Copy exactly and only the lines running from the one that contains "孙英和市委副书记、市长程用文共同为中国建科长江中游区域中心揭牌。" to the final line of the data below, without the pictures.
• • •
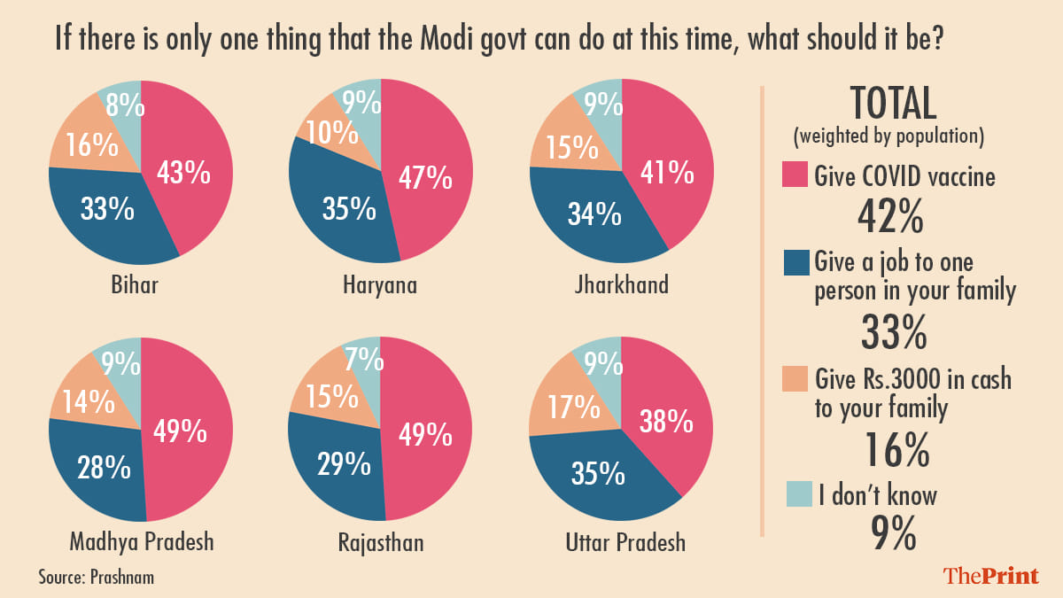 The survey clearly demonstrates the enormous tragedy in terms of lives and livelihoods that Covid-19 has inflicted on our nation. The high demand from the Modi government for vaccines is perhaps a sign that people want to get over this ordeal as soon as possible than be provided with economic relief. Of course, most people may want all (vaccine, job and cash) but since the survey forced people to rank these demands, vaccine comes out on top.
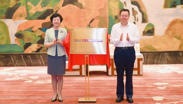 孙英和市委副书记、市长程用文共同为中国建科长江中游区域中心揭牌。
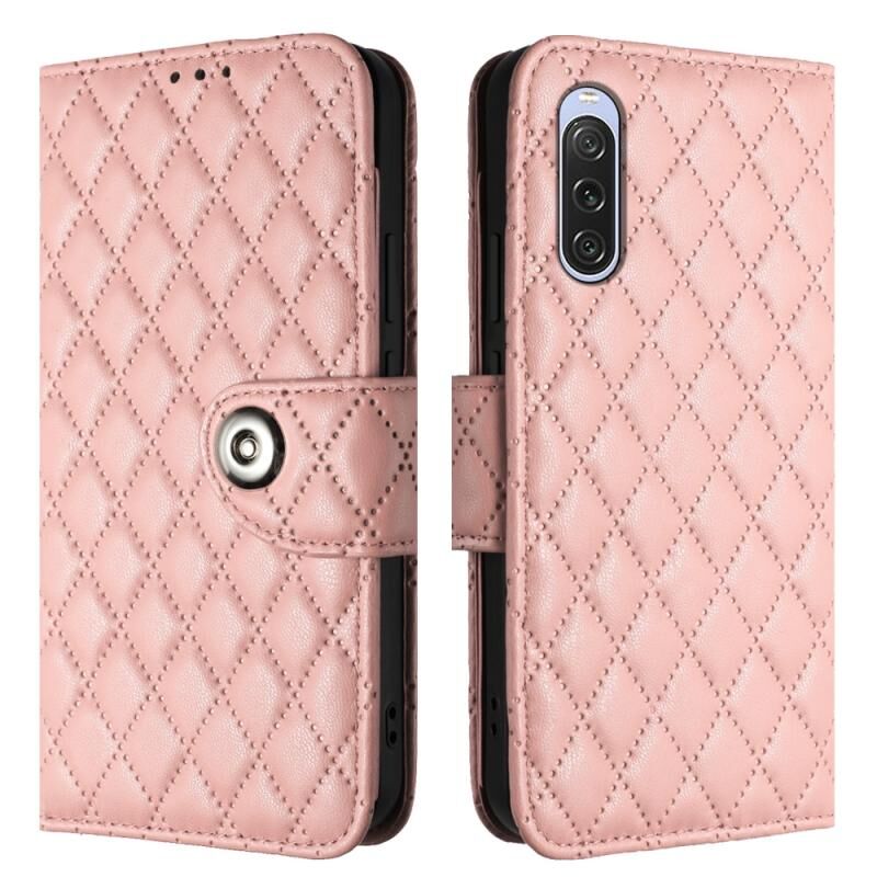 Για Sony Xperia 10 V Rhombic Texture Flip δερμάτινη θήκη τηλεφώνου με κορδόνι (ροζ κοραλλί)
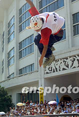 圖:全國極限精英賽在北京工人體育館舉行 2002年08月10日 16:45 ![]() 中國極限精英賽十日在北京工人體育館舉行,北京選手在滑輪街式比賽中的高難度騰空動作令人驚嘆。 作者:史利
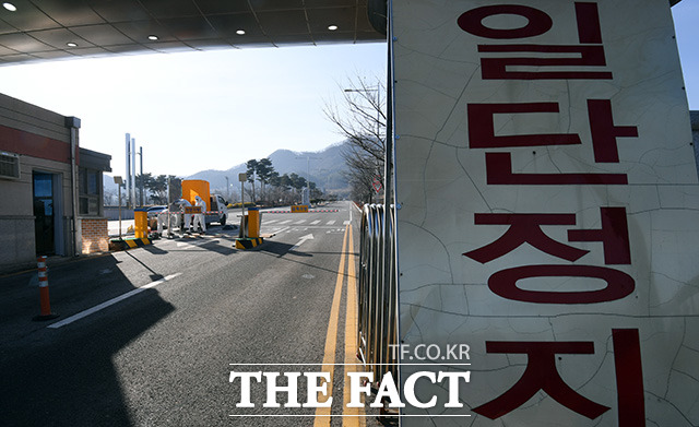 [더팩트ㅣ아산=임영무 기자] 중국 우한의 교민들의 임시생활거처로 충남 아산 경찰인재개발원이 정해진 가운데 30일 오전 충남 아산 온양동 경찰인재개발원 입구에는 방역벽이 설치되고 있다.
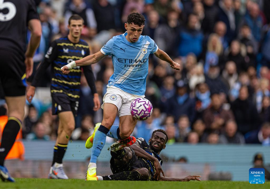 Manchester City's Phil Foden (front L) vies for the ball during the English Premier League match between Manchester City FC and Everton FC in Manchester, Britain, on Oct. 18, 2025. (Xinhua)
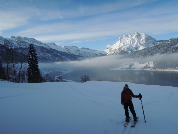 Abfahrt in den Chälen phantastisch! Ganz luftiger Powder, viel Platz und grosse Freuden.
• • •
COMPLETED EXERCISE
 孙英和市委副书记、市长程用文共同为中国建科长江中游区域中心揭牌。
 Για Sony Xperia 10 V Rhombic Texture Flip δερμάτινη θήκη τηλεφώνου με κορδόνι (ροζ κοραλλί)
 圖:全國極限精英賽在北京工人體育館舉行 2002年08月10日 16:45 ![]() 中國極限精英賽十日在北京工人體育館舉行,北京選手在滑輪街式比賽中的高難度騰空動作令人驚嘆。 作者:史利
 [더팩트ㅣ아산=임영무 기자] 중국 우한의 교민들의 임시생활거처로 충남 아산 경찰인재개발원이 정해진 가운데 30일 오전 충남 아산 온양동 경찰인재개발원 입구에는 방역벽이 설치되고 있다.
 Manchester City's Phil Foden (front L) vies for the ball during the English Premier League match between Manchester City FC and Everton FC in Manchester, Britain, on Oct. 18, 2025. (Xinhua)
 Abfahrt in den Chälen phantastisch! Ganz luftiger Powder, viel Platz und grosse Freuden.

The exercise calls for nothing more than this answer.